■ **Dataset extract**
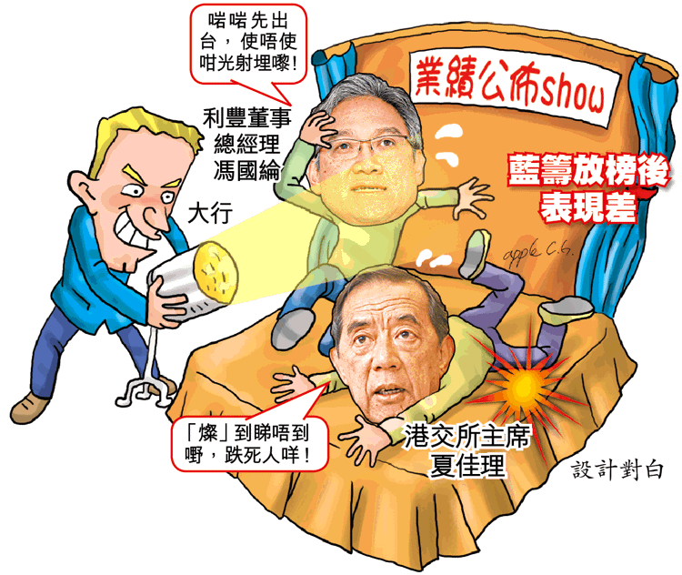 統計本月迄今,共有12間藍籌公佈業績,股價遜預期的東亞(023)、國泰(293)及港交所(388)自然捱沽,惟較意外是大部份符合預期的,放榜後股價皆反高潮下跌。例如前日收市後公佈中期業績的利豐(494)及騰訊(700),昨齊逆市下滑。
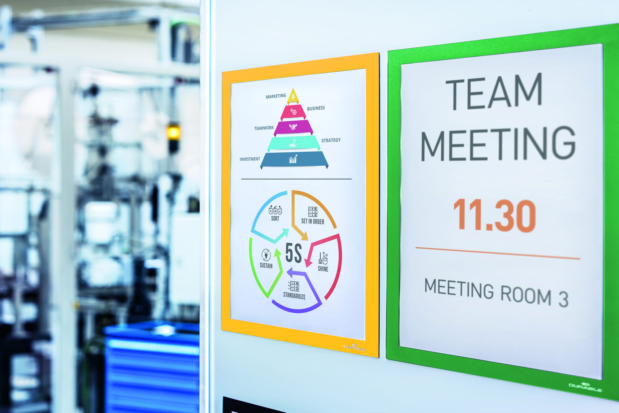 • Łatwy montaż na metalowych powierzchniach, np. tablicach ogłoszeniowych i informacyjnych, szafkach czy mobilnych powierzchniach informacyjnych albo maszynach w obszarze produkcji
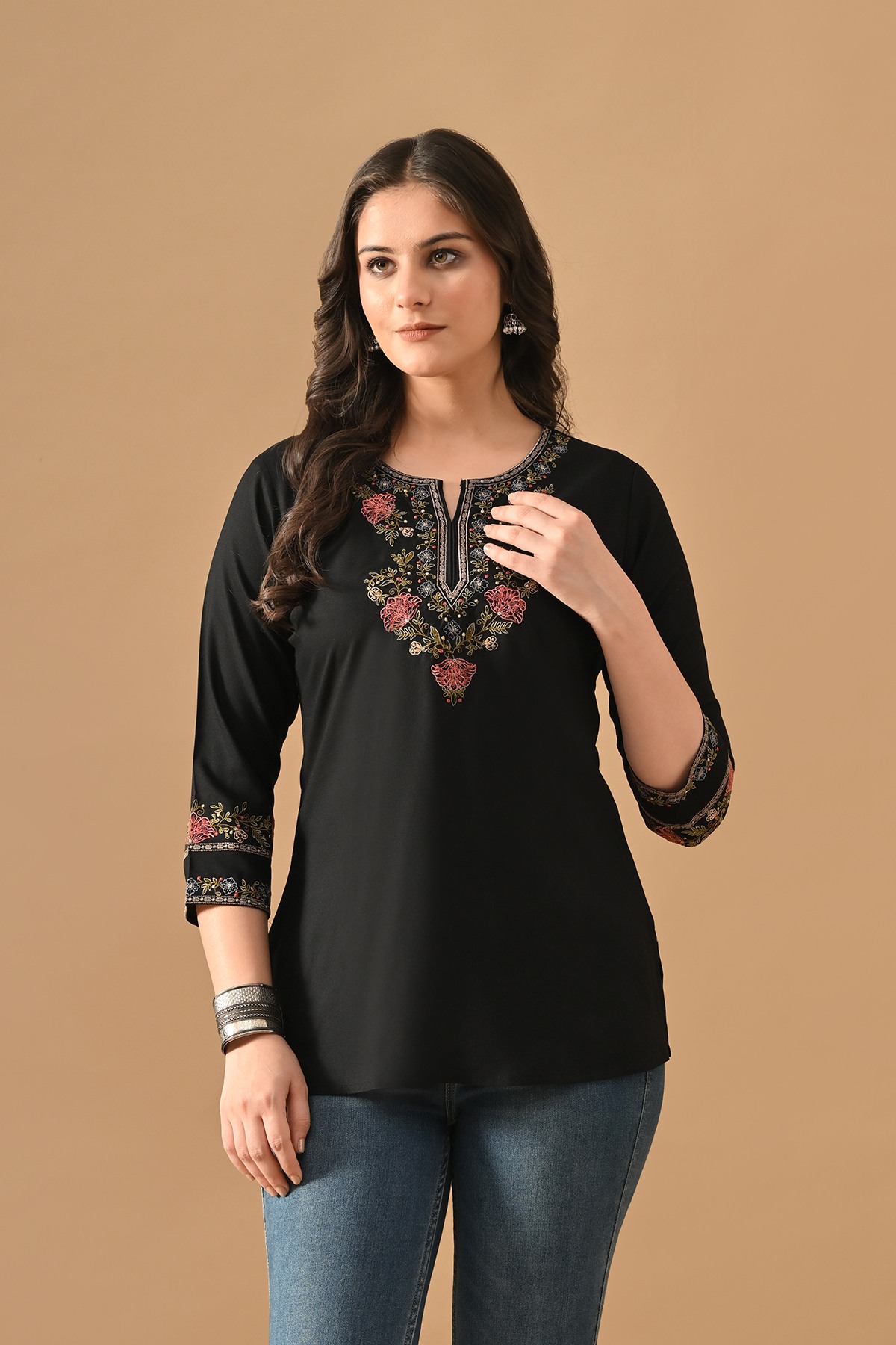 This black embroidered straight top features a graceful round-neckline, three quarter sleeves, and a straight hemline. designed with chic detailing and contemporary elegance, it’s a versatile piece—perfect for elevating both casual outings and semi-formal occasions.
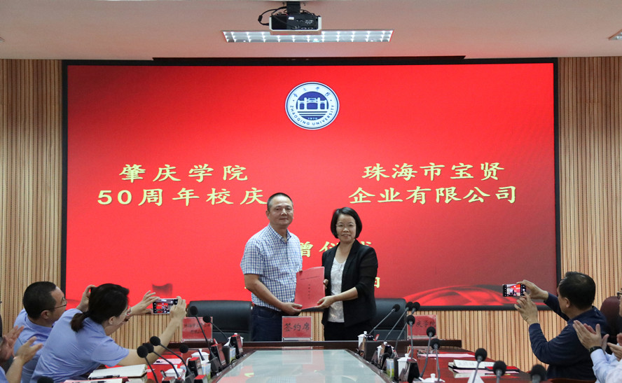 仪式上,校教育发展基金会理事长沈钦萍分别代表学校与珠海市鑫茂餐饮管理有限公司总裁张金乐、珠海市宝贤企业有限公司董事长吴秋贤签订捐赠协议。校教育发展基金会秘书长白志明代表学校接收两家公司捐赠的支票。随后,bat365向两家公司颁发捐赠证书。

■ **Exercise description**
All that is needed is the data above, repeated exactly, without the pictures.

■ **Solution for this task**
 統計本月迄今,共有12間藍籌公佈業績,股價遜預期的東亞(023)、國泰(293)及港交所(388)自然捱沽,惟較意外是大部份符合預期的,放榜後股價皆反高潮下跌。例如前日收市後公佈中期業績的利豐(494)及騰訊(700),昨齊逆市下滑。
 • Łatwy montaż na metalowych powierzchniach, np. tablicach ogłoszeniowych i informacyjnych, szafkach czy mobilnych powierzchniach informacyjnych albo maszynach w obszarze produkcji
 This black embroidered straight top features a graceful round-neckline, three quarter sleeves, and a straight hemline. designed with chic detailing and contemporary elegance, it’s a versatile piece—perfect for elevating both casual outings and semi-formal occasions.
 仪式上,校教育发展基金会理事长沈钦萍分别代表学校与珠海市鑫茂餐饮管理有限公司总裁张金乐、珠海市宝贤企业有限公司董事长吴秋贤签订捐赠协议。校教育发展基金会秘书长白志明代表学校接收两家公司捐赠的支票。随后,bat365向两家公司颁发捐赠证书。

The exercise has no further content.